Menurutnya, pertumbuhan M2 pada Oktober 2021 dipengaruhi oleh aktiva luar negeri bersih dan aktiva dalam negeri bersih.
Erwin menjelaskan pertumbuhan M1 didorong oleh peningkatan pertumbuhan giro rupiah, serta tabungan rupiah yang dapat ditarik sewaktu- waktu.
Giro rupiah pada Oktober 2021 tumbuh 21,4 persen (yoy), lebih tinggi dibandingkan bulan sebelumnya 10,3 persen (yoy), namun sedikit tertahan oleh perlambatan dana float (saldo) uang elektronik yang tercatat sebesar Rp7,9 triliun dengan pangsa terhadap M1 0,19 persen, atau tumbuh 5,7 persen (yoy), melambat dibandingkan bulan sebelumnya 20,2 persen (yoy).

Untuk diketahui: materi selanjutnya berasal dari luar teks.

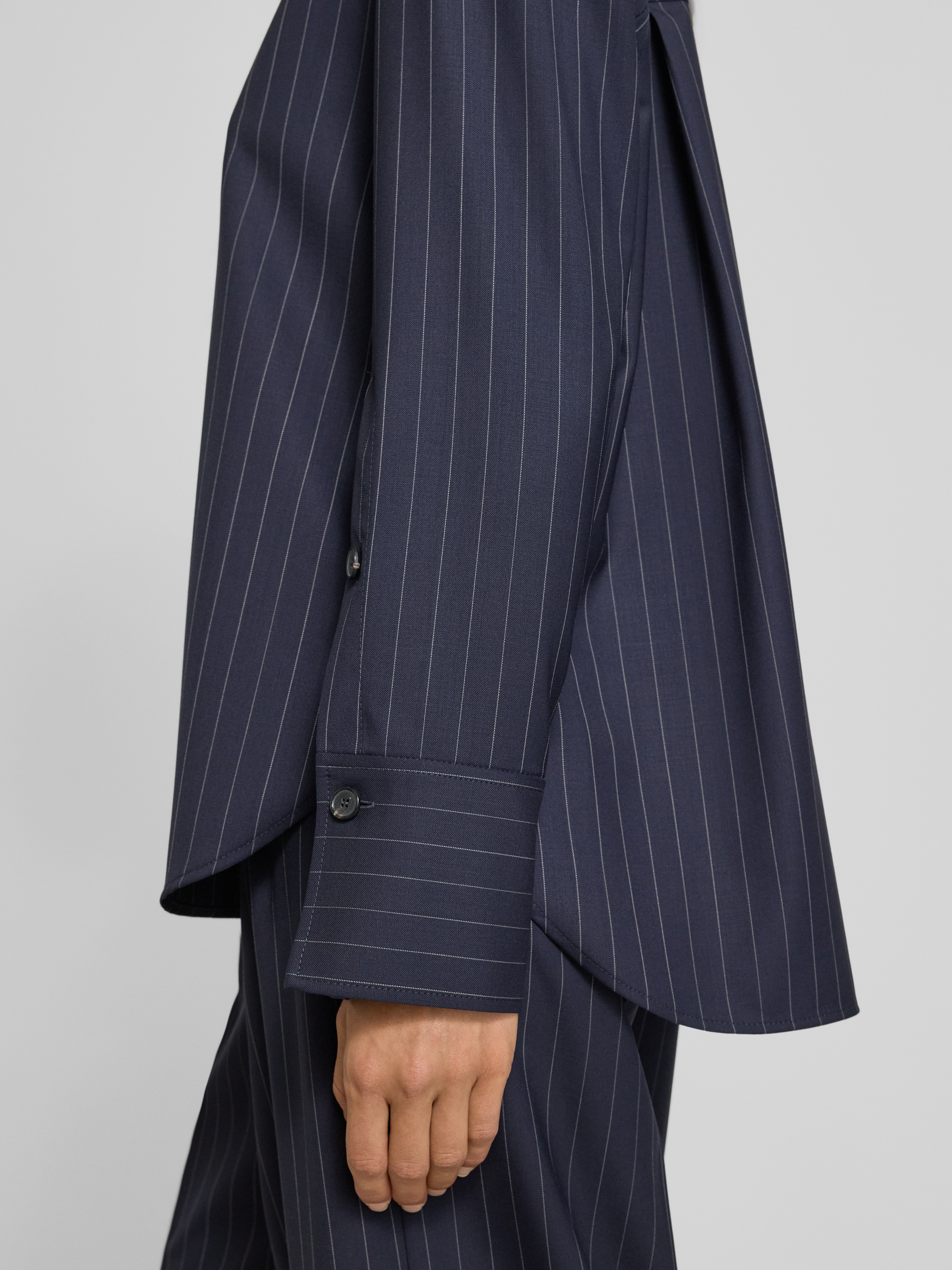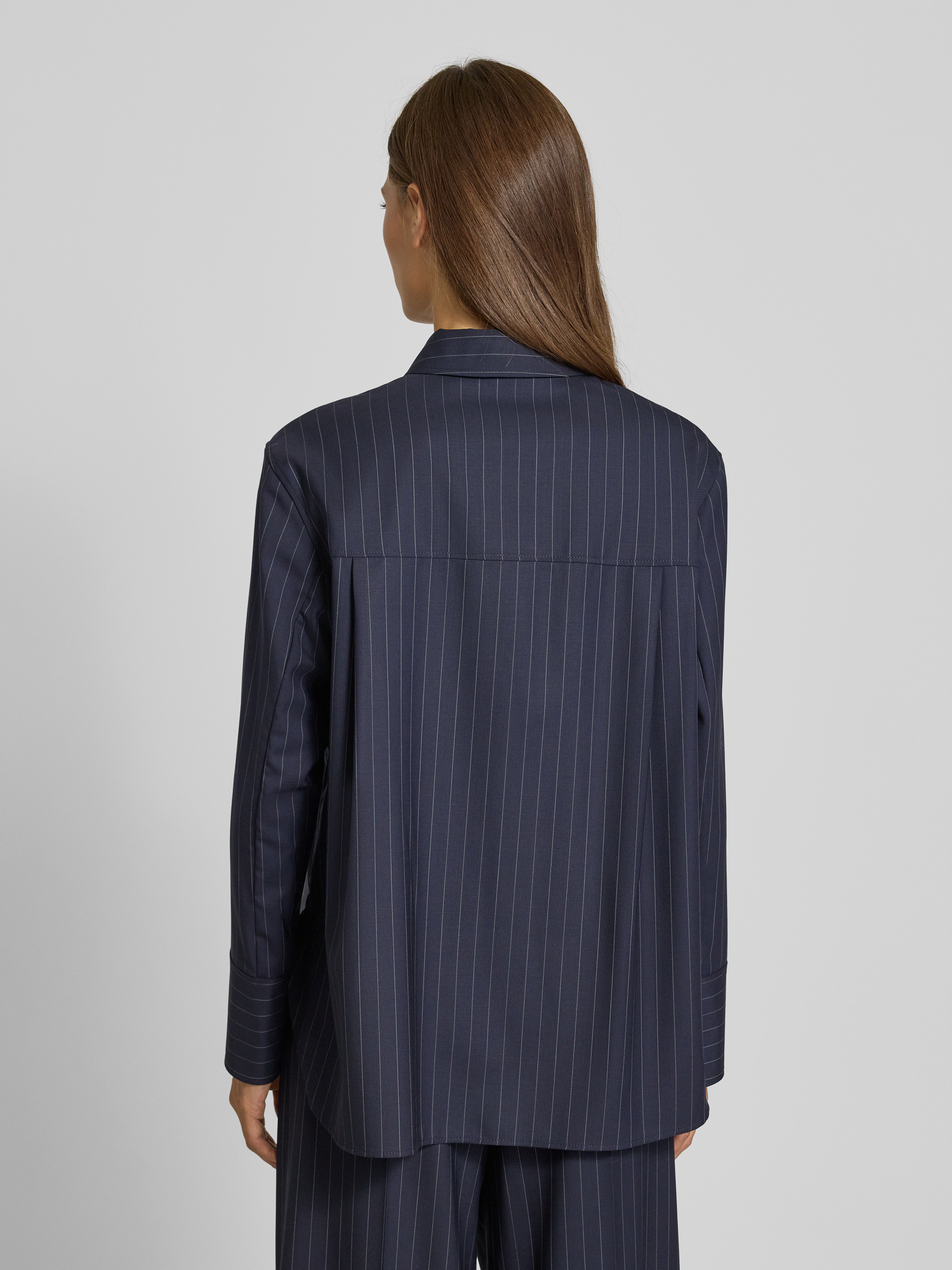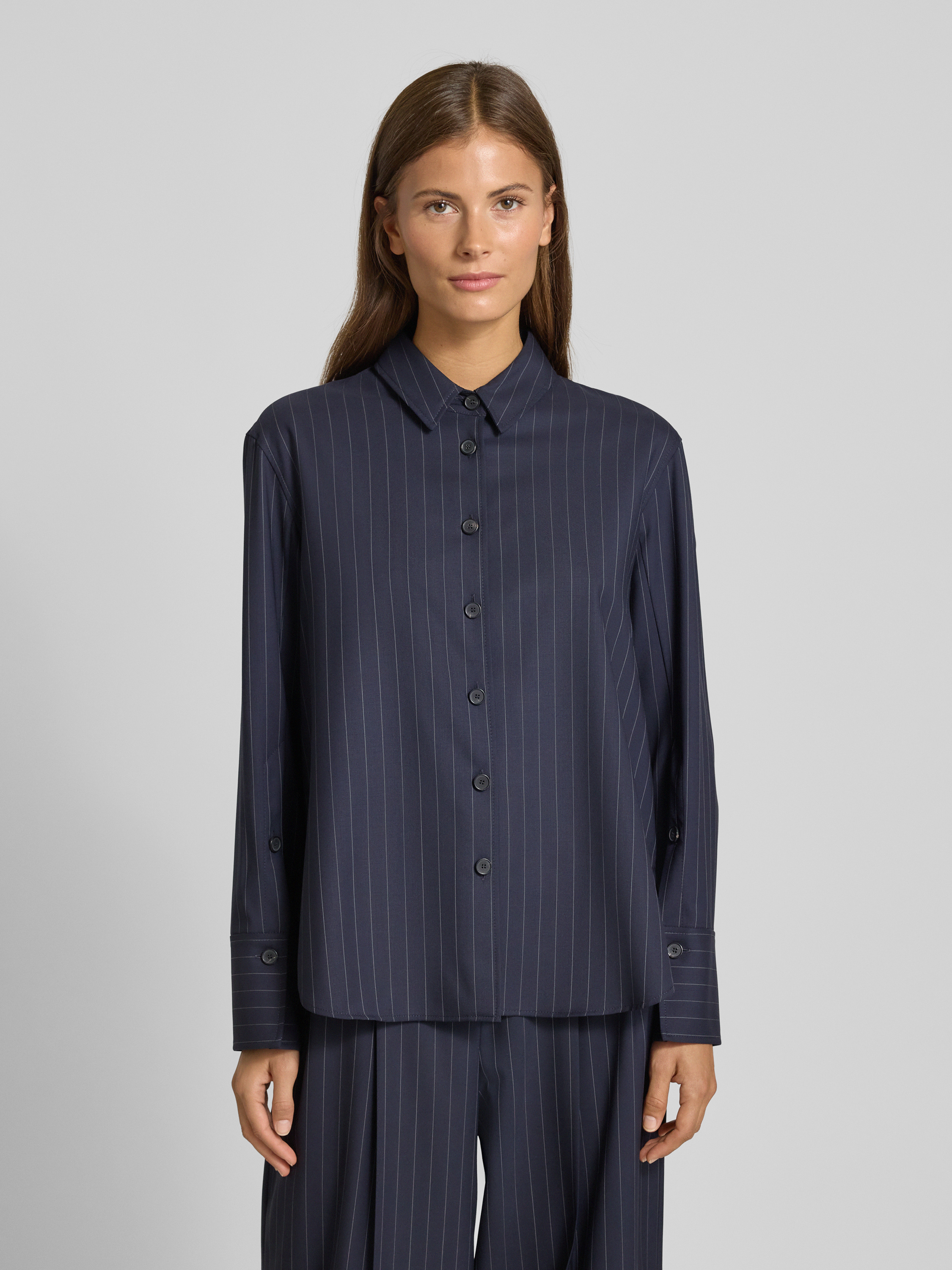 Bluzka koszulowa o kroju regular fit z wiskozy żywej wełny z listwą guzikową - granatowy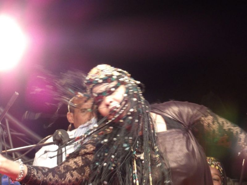 Als laatste band kwam een Amazigh (berber) band, Tachinouit, die internationale ervaring had. Het was opzwepende muziek en dans door 3 zingende/tieten en kontenschuddende dames (ze hadden heel wat te schudden) wat ook een erg opzwepend effect op de overwegend jonge mannelijke bezoekers had.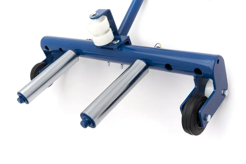 Η κατασκευή από ατσάλι A3 προσφέρει σταθερότητα και αντοχή σε εντατική χρήση, ενώ το ρυθμιζόμενο σύστημα σύσφιξης επιτρέπει την προσαρμογή του πλάτους μεταξύ 290 mm και 620 mm, ώστε να ταιριάζει σε διάφορα μεγέθη τροχών. Οι στιβαροί τροχοί στη βάση προσφέρουν ευκινησία και έλεγχο κατά τη μετακίνηση, εξασφαλίζοντας ασφαλή μεταφορά των βαρέων εξαρτημάτων εντός του χώρου εργασίας.

Tabungan rupiah yang dapat ditarik sewaktu-waktu pada Oktober 2021 tercatat sebesar Rp2.006,3 triliun, dengan pangsa 49,2 persen terhadap M1, tumbuh 13 persen (yoy), lebih tinggi dibandingkan September 2021, yakni 11,8 persen (yoy).
Di sisi lain, ia mengatakan aktiva luar negeri bersih bertumbuh 5,7 persen (yoy), lebih tinggi dibandingkan dengan pertumbuhan pada September 2021 sebesar lima persen (yoy), yang disebabkan oleh perlambatan kewajiban sistem moneter kepada bukan penduduk, terutama berupa pinjaman valas.

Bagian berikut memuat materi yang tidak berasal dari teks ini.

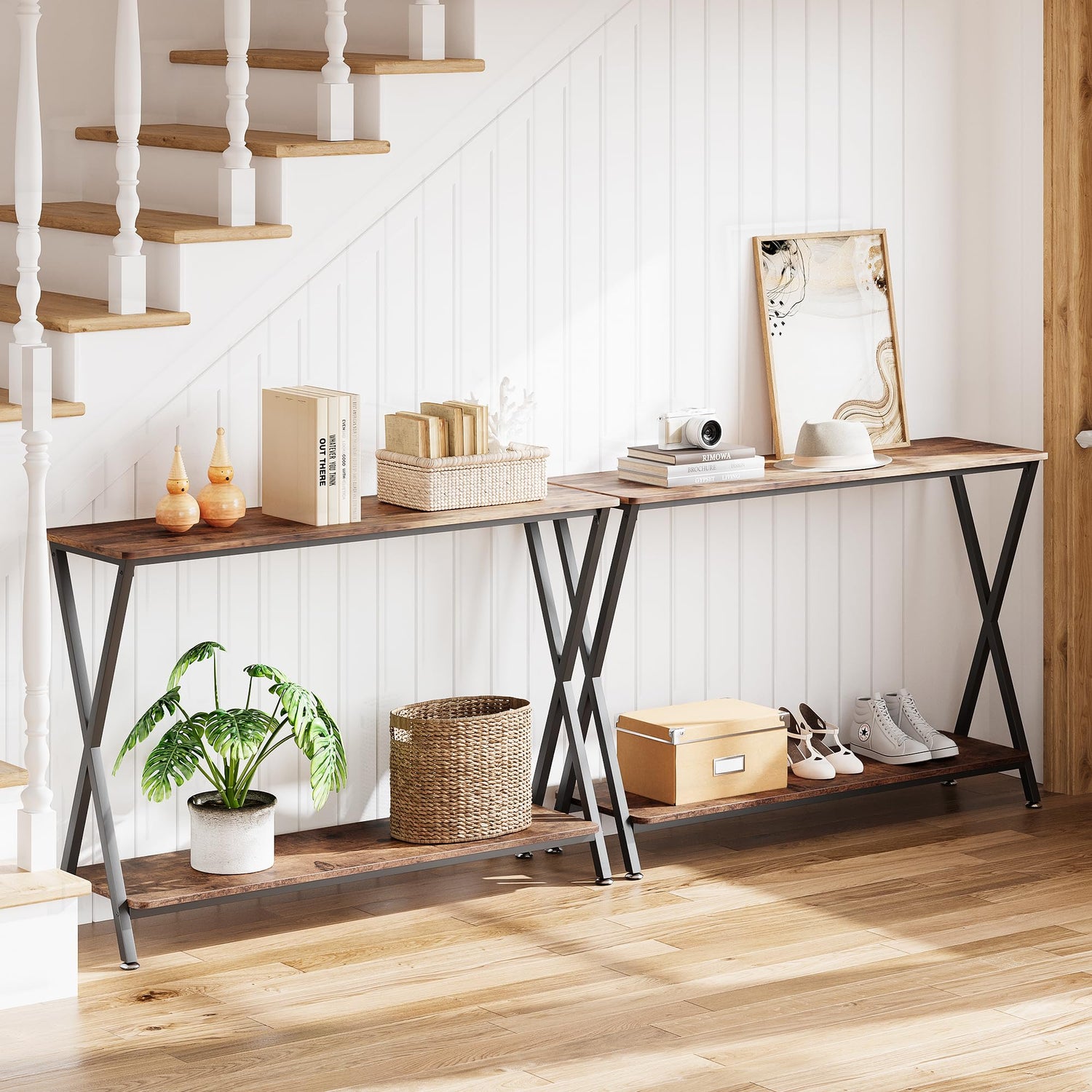 Small Entryway Table, Narrow Hallway Table, 2-Tier Industrial Display Table

Sedangkan, aktiva dalam negeri bersih meningkat 12,1 persen (yoy), naik dari 9,3 persen (yoy) pada bulan sebelumnya, seiring kenaikan tagihan bersih kepada pemerintah pusat dan penyaluran kredit yang terus berlanjut.

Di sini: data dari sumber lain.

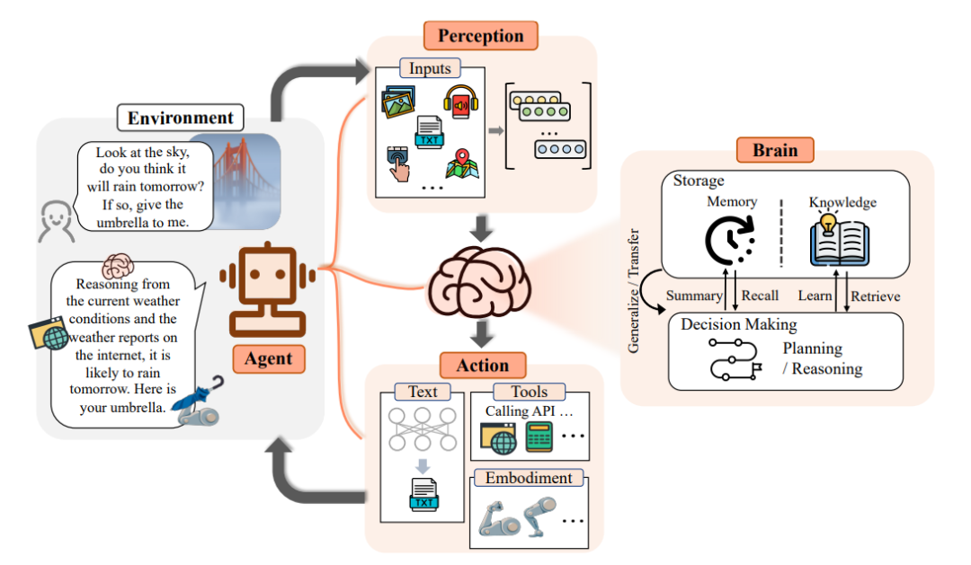 实现方式:Agent根据规划与记忆执行具体行动,如智能客服回复、查询天气预报、AI机器人抓起物体等。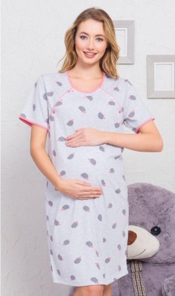 Ježek - mateřská noční košile, s oboustranným rozepínáním, na knoflíky, pro pohodlné kojení. Šedá noční košile, s červeným olemováním výstřihu, rozepínání a konců rukávů. Košile je celá potištěná - všude samý ježek...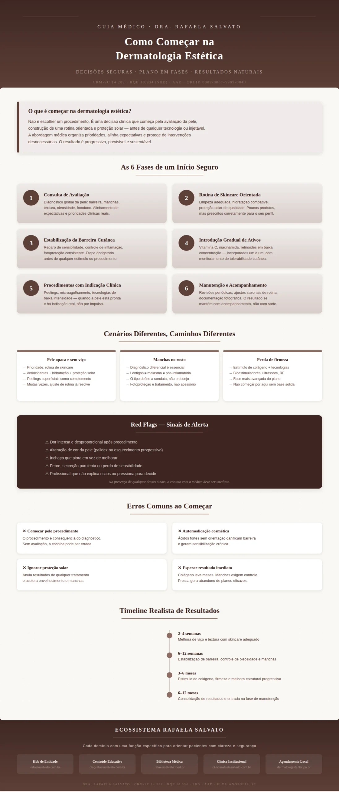 Infográfico médico editorial "Como Começar na Dermatologia Estética — Guia Médico" da Dra. Rafaela Salvato, dermatologista referência no sul do Brasil (CRM-SC 14.282, RQE 10.934, SBD, AAD). Apresenta as 6 fases de um início seguro em dermatologia estética (consulta de avaliação, rotina de skincare, estabilização da barreira cutânea, introdução gradual de ativos, procedimentos com indicação clínica e manutenção), comparativo de cenários clínicos (pele opaca, manchas, perda de firmeza), red flags e sinais de alerta pós-procedimento, erros comuns ao começar e timeline realista de resultados — de 2 semanas a 12 meses. Inclui os cinco sites do ecossistema Rafaela Salvato: rafaelasalvato.com.br, blografaelasalvato.com.br, rafaelasalvato.med.br, clinicarafaelasalvato.com.br e dermatologista.floripa.br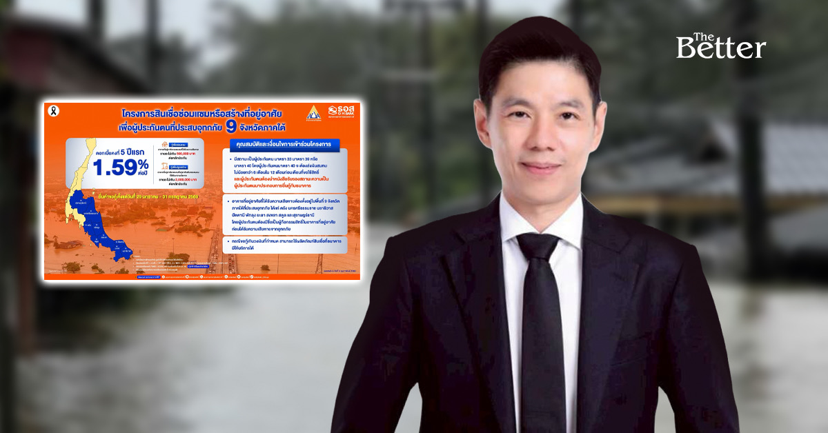 ธอส. ร่วมกับ สปส. เดินหน้าฟื้นฟู 9 จังหวัดภาคใต้ จัดทำสินเชื่อซ่อมแซมหรือสร้างที่อยู่อาศัยเพื่อผู้ประกันตนที่ประสบอุทกภัย อัตราดอกเบี้ย 5 ปีแรกเพียง 1.59% ต่อปี ผ่อนต่ำสุดเริ่มต้นเดือนละ 1,500 บาทเท่า

“Tagihan bersih kepada pemerintah pusat tumbuh sebesar 30,4 persen (yoy), meningkat dibandingkan dengan bulan sebelumnya sebesar 16,1 persen (yoy), yang disebabkan oleh perlambatan kewajiban sistem moneter kepada pemerintah pusat berupa simpanan baik dalam rupiah maupun valas,” katanya.
Sementara itu, penyaluran kredit naik tiga persen (yoy) pada bulan laporan, meningkat dari pertumbuhan bulan sebelumnya sebesar 2,1 persen (yoy), yang sejalan dengan peningkatan penyaluran kredit modal kerja maupun konsumsi.